» Data in this exercise:
--- START ---

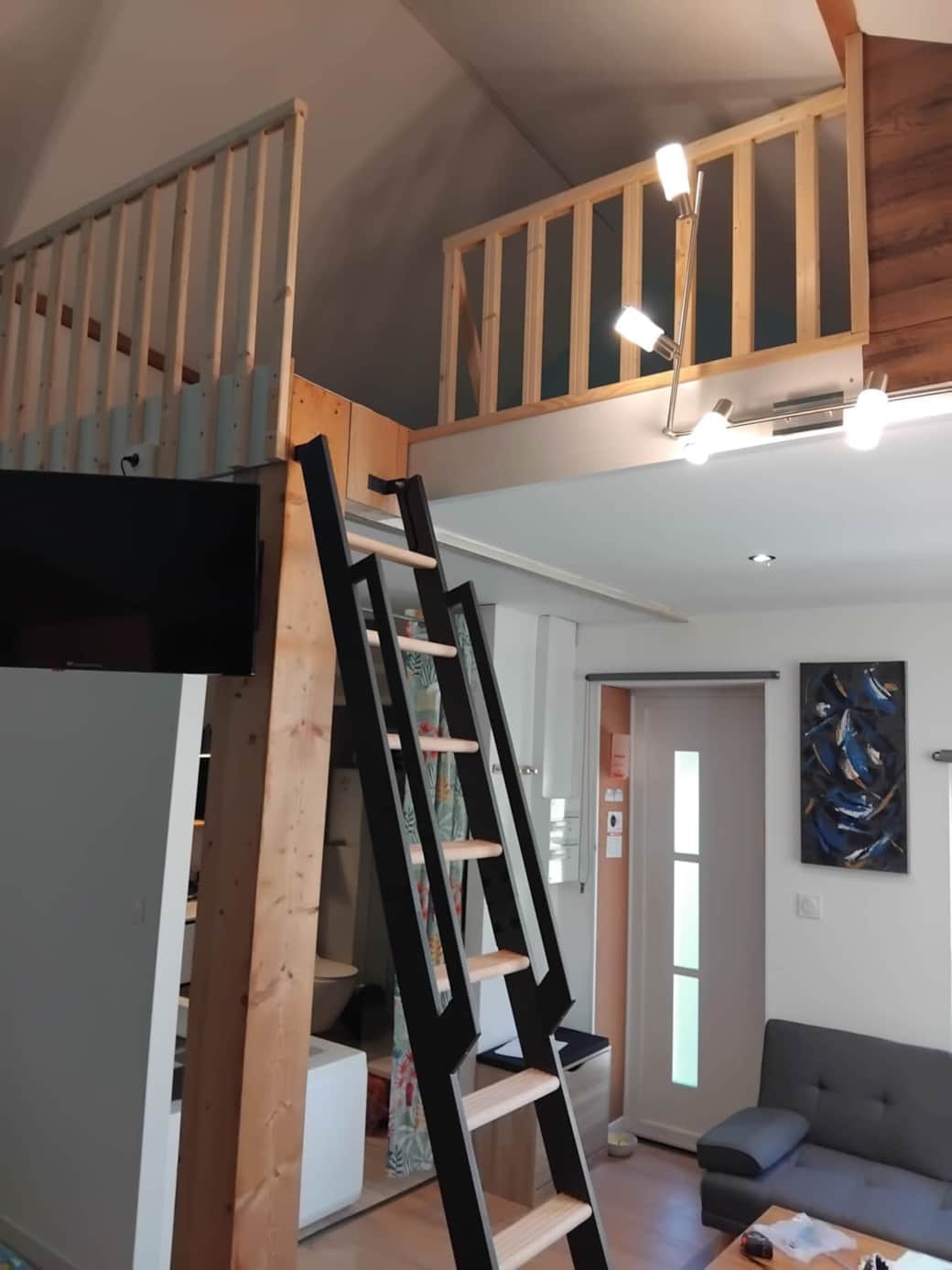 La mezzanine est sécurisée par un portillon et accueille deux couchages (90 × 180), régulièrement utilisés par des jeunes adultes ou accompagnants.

--- END ---
--- START ---

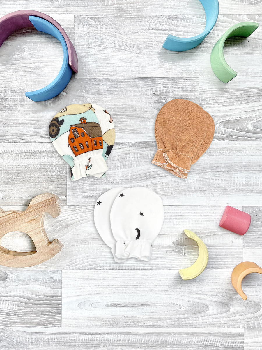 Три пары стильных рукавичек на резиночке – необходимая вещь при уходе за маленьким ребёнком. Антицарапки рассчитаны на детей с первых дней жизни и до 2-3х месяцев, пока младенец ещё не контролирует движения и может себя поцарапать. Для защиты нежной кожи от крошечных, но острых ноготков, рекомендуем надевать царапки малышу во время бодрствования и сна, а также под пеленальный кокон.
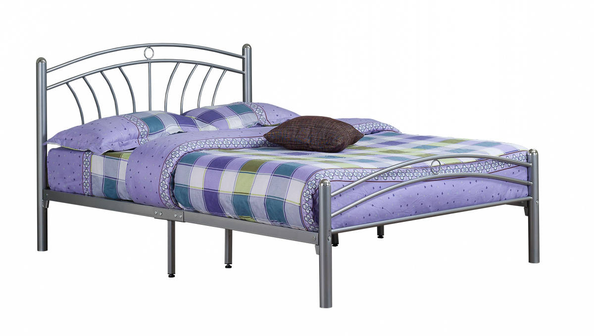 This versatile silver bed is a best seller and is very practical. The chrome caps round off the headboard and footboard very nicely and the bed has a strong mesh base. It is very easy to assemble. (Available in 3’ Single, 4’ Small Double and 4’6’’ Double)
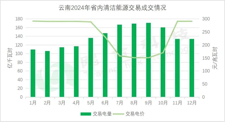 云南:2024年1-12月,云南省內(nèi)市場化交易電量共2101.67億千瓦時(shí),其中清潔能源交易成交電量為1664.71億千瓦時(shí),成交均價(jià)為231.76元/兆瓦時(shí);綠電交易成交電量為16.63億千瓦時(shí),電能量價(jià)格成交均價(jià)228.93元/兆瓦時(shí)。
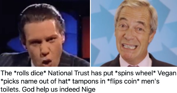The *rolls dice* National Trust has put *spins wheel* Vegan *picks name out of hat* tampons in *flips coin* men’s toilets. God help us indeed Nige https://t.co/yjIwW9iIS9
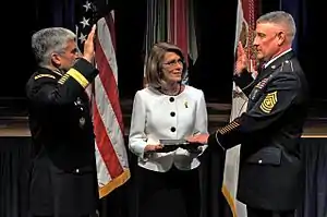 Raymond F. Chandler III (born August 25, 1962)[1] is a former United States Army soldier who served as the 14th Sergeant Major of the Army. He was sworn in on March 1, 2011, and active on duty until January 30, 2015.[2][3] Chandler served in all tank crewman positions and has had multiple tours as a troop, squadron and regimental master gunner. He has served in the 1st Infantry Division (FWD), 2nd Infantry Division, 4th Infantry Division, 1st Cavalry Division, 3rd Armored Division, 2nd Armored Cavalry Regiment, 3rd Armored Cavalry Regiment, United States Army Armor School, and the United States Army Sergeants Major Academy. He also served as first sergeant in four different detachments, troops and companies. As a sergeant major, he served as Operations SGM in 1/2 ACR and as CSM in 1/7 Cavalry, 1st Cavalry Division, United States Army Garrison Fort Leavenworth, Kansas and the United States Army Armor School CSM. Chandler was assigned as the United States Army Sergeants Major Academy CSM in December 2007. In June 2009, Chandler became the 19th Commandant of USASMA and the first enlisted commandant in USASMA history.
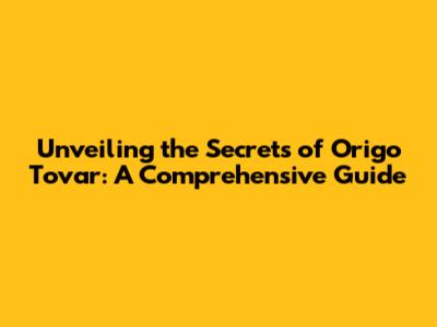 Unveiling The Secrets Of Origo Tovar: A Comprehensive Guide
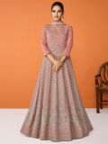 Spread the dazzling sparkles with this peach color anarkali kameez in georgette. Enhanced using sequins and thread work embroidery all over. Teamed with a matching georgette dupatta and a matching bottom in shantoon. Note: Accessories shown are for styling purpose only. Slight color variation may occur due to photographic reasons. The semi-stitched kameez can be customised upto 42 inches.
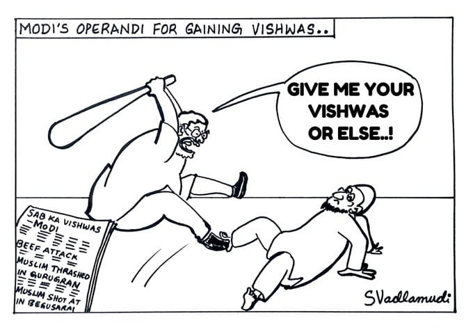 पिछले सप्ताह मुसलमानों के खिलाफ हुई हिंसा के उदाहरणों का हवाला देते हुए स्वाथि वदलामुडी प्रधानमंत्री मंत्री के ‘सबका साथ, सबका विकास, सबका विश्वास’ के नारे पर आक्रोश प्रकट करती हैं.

--- END ---

» What is required: Look above for the line with "Три пары стильных" and the line with "云南:2024年1-12月,云南省內(n", then restate exactly those two lines and all lines between them, with no pictures.

» Answer box:
 Три пары стильных рукавичек на резиночке – необходимая вещь при уходе за маленьким ребёнком. Антицарапки рассчитаны на детей с первых дней жизни и до 2-3х месяцев, пока младенец ещё не контролирует движения и может себя поцарапать. Для защиты нежной кожи от крошечных, но острых ноготков, рекомендуем надевать царапки малышу во время бодрствования и сна, а также под пеленальный кокон.
 This versatile silver bed is a best seller and is very practical. The chrome caps round off the headboard and footboard very nicely and the bed has a strong mesh base. It is very easy to assemble. (Available in 3’ Single, 4’ Small Double and 4’6’’ Double)
 云南:2024年1-12月,云南省內(nèi)市場化交易電量共2101.67億千瓦時(shí),其中清潔能源交易成交電量為1664.71億千瓦時(shí),成交均價(jià)為231.76元/兆瓦時(shí);綠電交易成交電量為16.63億千瓦時(shí),電能量價(jià)格成交均價(jià)228.93元/兆瓦時(shí)。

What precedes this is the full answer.